→ **WORK TO COMPLETE**: After locating the line that holds "- 7,88 milliards", copy that line and all that follow it word for word through the end of the data, with no pictures.

→ **PROVIDED MATERIAL**:
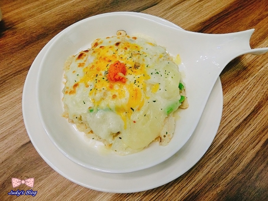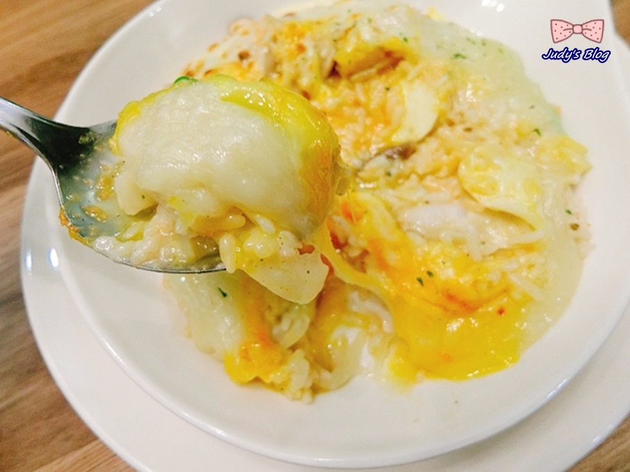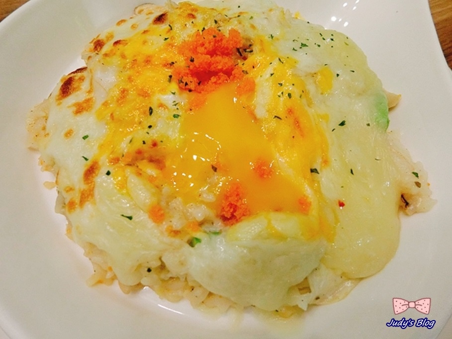 滿滿的起司上面放了一小球的明太子,而透過叉子輕輕一劃….整個蛋液就吸睛的流出來嚕~
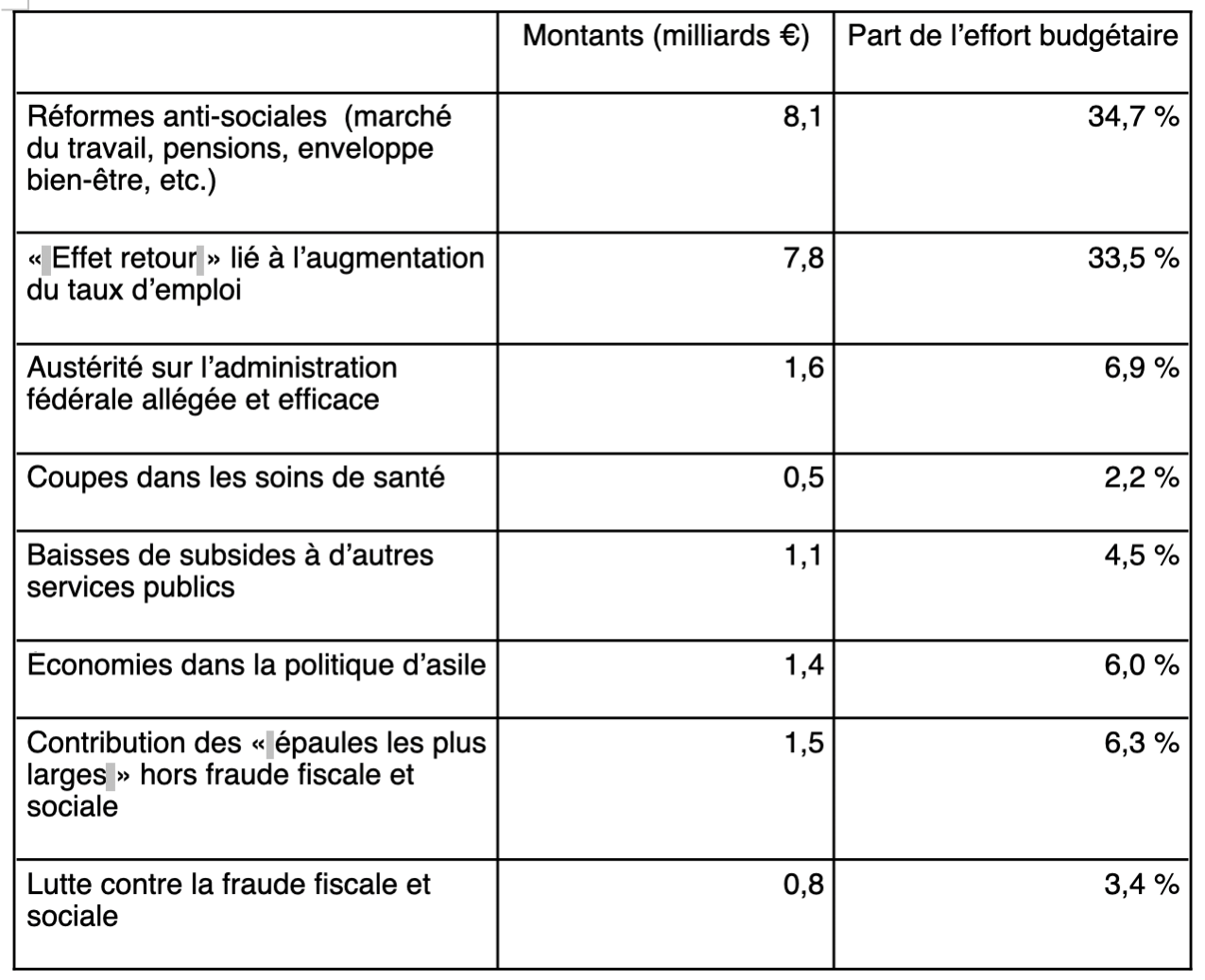 - 7,88 milliards proviennent de l'effet retour de l’augmentation attendue du taux d’emploi jusqu’à 80 % de la population active. Un objectif peu crédible et que le gouvernement entend atteindre en mettant la pression sur les travailleurs malades, en facilitant le recours à des emplois flexibles, au travail étudiant, au travail de nuit ou de week-end et en réduisant les allocations sociales ou le droit à une prépension. Donc un « effet retour » qui sera payé par la classe travailleuse.
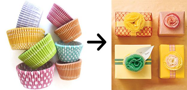 35. Cupcake-Paper Carnations: Baking liners make sweet gift toppers for Mother’s Day, or anytime. Nesting pastel papers in different sizes — petit four, mini muffin, and cupcake — creates fluffy blooms that will add a flourish to beribboned presents. (via Martha Stewart)

→ **PROBLEM SOLUTION**:
 - 7,88 milliards proviennent de l'effet retour de l’augmentation attendue du taux d’emploi jusqu’à 80 % de la population active. Un objectif peu crédible et que le gouvernement entend atteindre en mettant la pression sur les travailleurs malades, en facilitant le recours à des emplois flexibles, au travail étudiant, au travail de nuit ou de week-end et en réduisant les allocations sociales ou le droit à une prépension. Donc un « effet retour » qui sera payé par la classe travailleuse.
 35. Cupcake-Paper Carnations: Baking liners make sweet gift toppers for Mother’s Day, or anytime. Nesting pastel papers in different sizes — petit four, mini muffin, and cupcake — creates fluffy blooms that will add a flourish to beribboned presents. (via Martha Stewart)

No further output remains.